*** Opening THE DATA ***

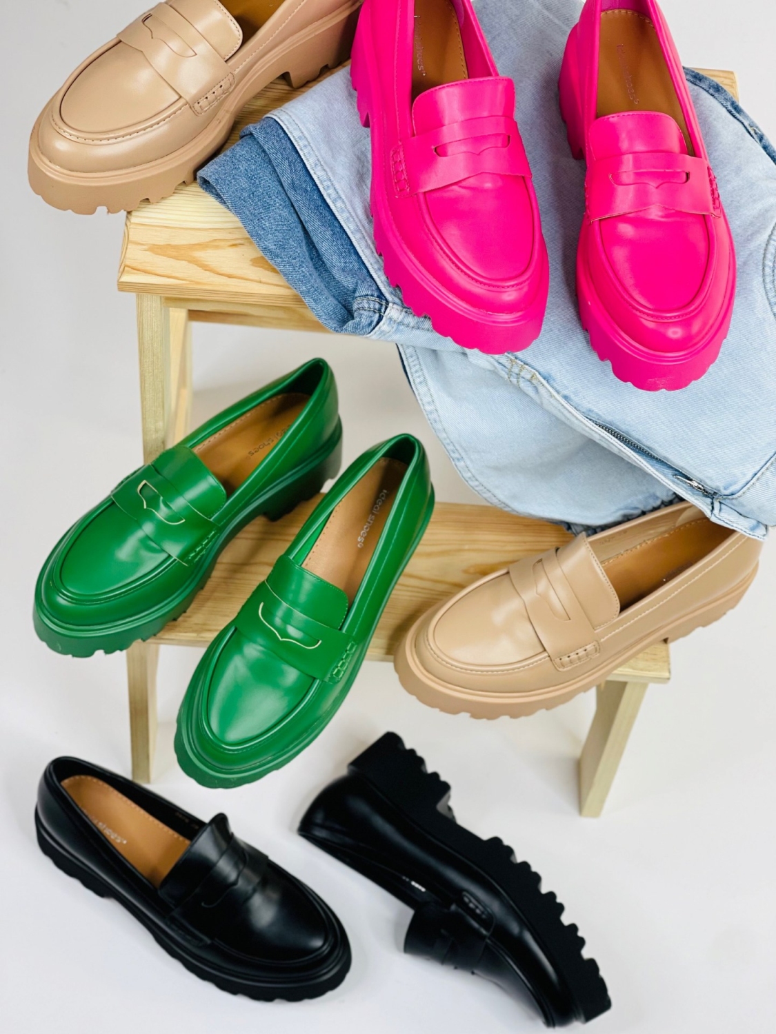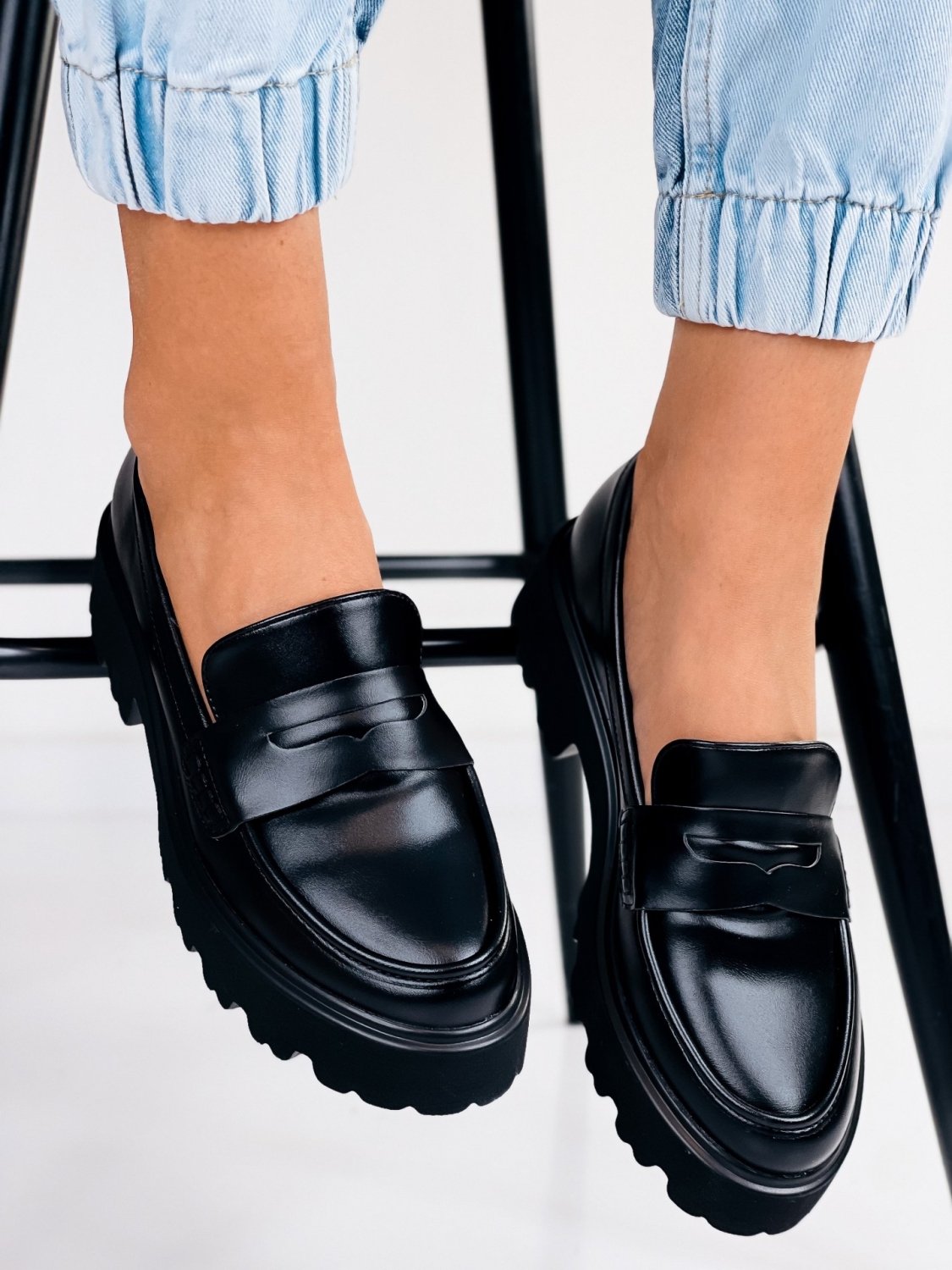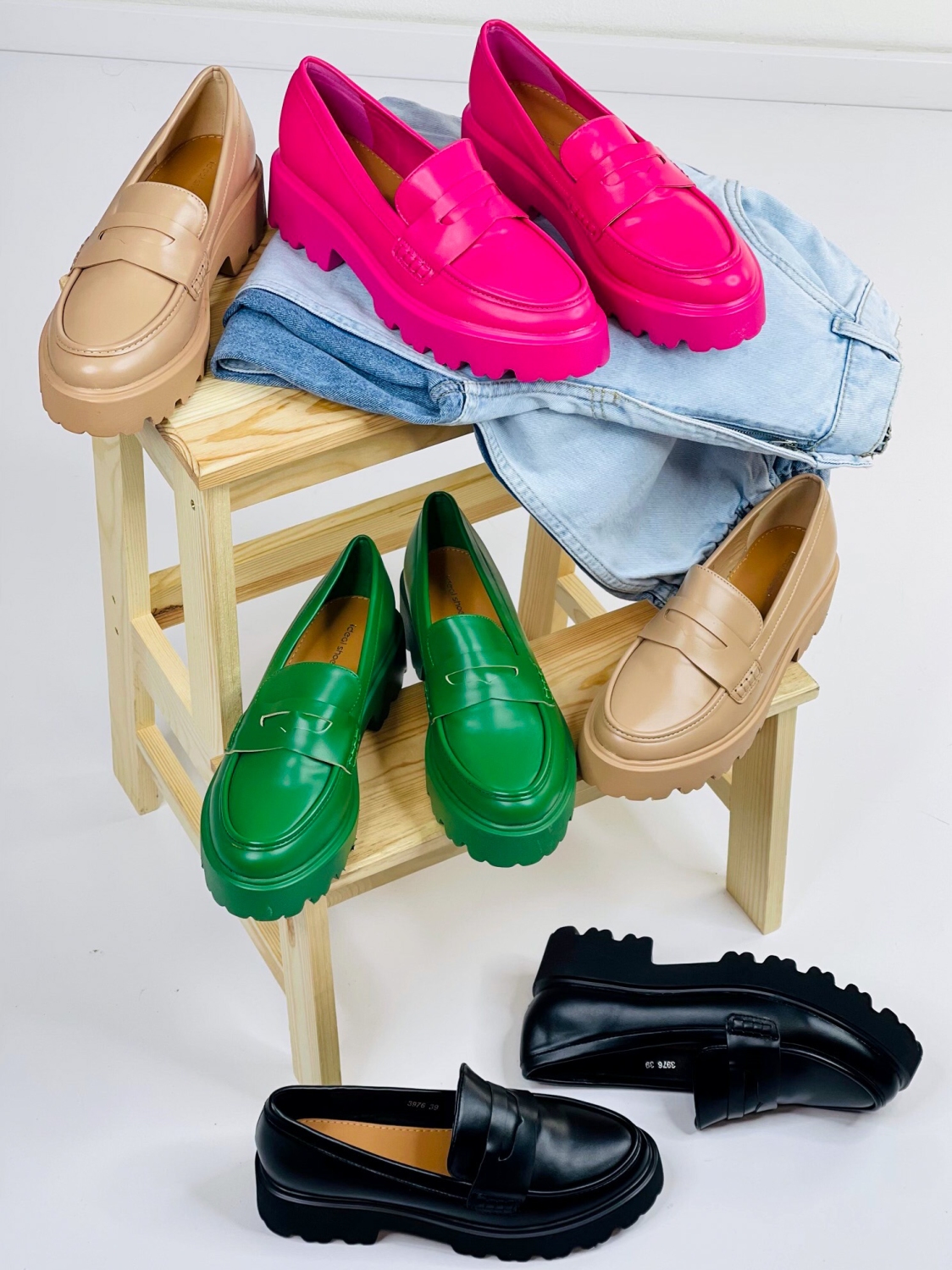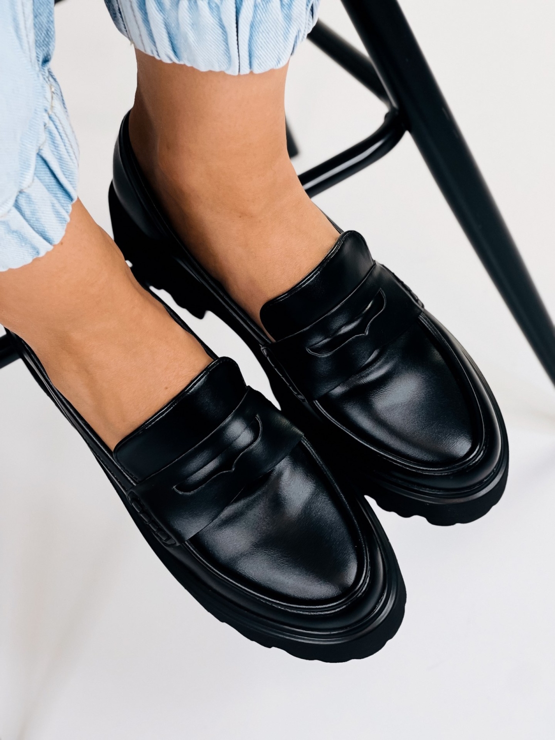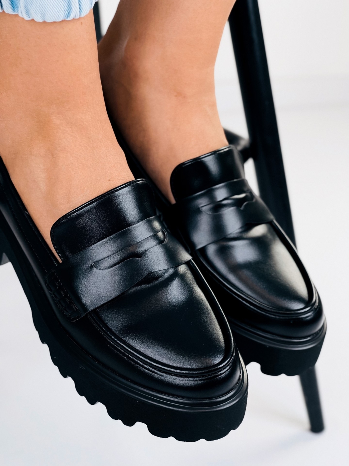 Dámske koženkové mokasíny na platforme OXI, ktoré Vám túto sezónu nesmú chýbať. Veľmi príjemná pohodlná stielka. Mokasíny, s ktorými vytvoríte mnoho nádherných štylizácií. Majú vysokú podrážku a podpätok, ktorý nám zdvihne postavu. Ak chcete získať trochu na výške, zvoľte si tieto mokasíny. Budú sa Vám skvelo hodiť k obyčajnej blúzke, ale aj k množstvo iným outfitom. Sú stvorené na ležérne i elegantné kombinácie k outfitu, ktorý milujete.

*** Closing THE DATA ***
*** Opening THE DATA ***

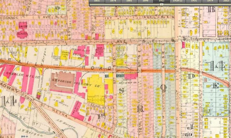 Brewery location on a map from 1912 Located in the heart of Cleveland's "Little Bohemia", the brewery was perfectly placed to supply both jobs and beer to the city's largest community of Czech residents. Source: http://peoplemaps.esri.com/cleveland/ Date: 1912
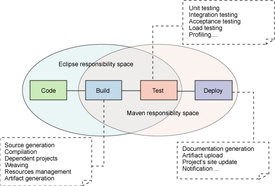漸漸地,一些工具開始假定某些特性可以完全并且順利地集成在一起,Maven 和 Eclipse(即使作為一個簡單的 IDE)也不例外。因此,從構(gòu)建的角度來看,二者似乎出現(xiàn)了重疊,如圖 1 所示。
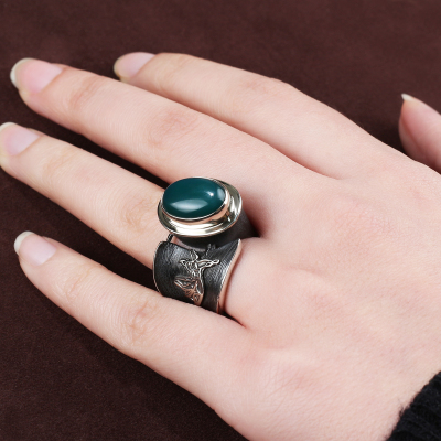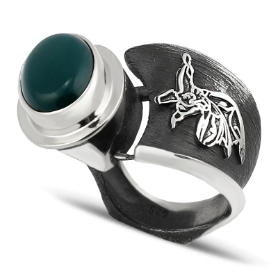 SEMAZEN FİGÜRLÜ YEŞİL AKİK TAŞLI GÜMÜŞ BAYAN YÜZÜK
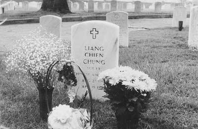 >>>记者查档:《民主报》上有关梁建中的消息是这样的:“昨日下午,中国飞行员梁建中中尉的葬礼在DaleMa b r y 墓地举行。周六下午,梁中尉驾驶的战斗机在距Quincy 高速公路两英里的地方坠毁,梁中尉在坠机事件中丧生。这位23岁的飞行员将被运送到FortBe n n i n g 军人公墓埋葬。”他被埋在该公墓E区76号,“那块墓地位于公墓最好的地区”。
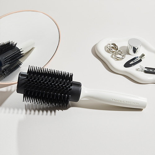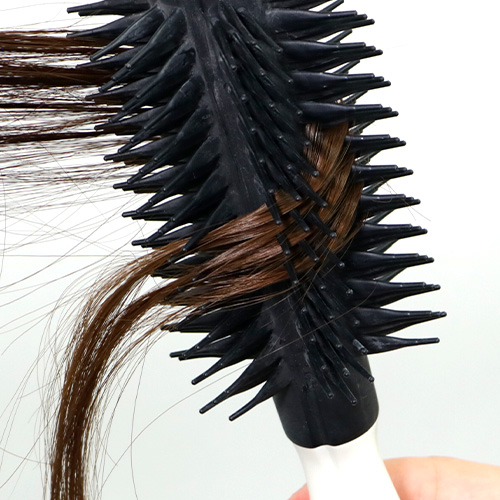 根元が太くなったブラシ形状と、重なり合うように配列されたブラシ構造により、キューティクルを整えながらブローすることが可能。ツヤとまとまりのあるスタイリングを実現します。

*** Closing THE DATA ***

BRIEF
Out of the records above, return only the lines from the one with "SEMAZEN FİGÜRLÜ YEŞİL" through the one with "根元が太くなったブラシ形状と", exactly, and none of the pictures.

RESPONSE TO THIS TASK
 SEMAZEN FİGÜRLÜ YEŞİL AKİK TAŞLI GÜMÜŞ BAYAN YÜZÜK
 >>>记者查档:《民主报》上有关梁建中的消息是这样的:“昨日下午,中国飞行员梁建中中尉的葬礼在DaleMa b r y 墓地举行。周六下午,梁中尉驾驶的战斗机在距Quincy 高速公路两英里的地方坠毁,梁中尉在坠机事件中丧生。这位23岁的飞行员将被运送到FortBe n n i n g 军人公墓埋葬。”他被埋在该公墓E区76号,“那块墓地位于公墓最好的地区”。
 根元が太くなったブラシ形状と、重なり合うように配列されたブラシ構造により、キューティクルを整えながらブローすることが可能。ツヤとまとまりのあるスタイリングを実現します。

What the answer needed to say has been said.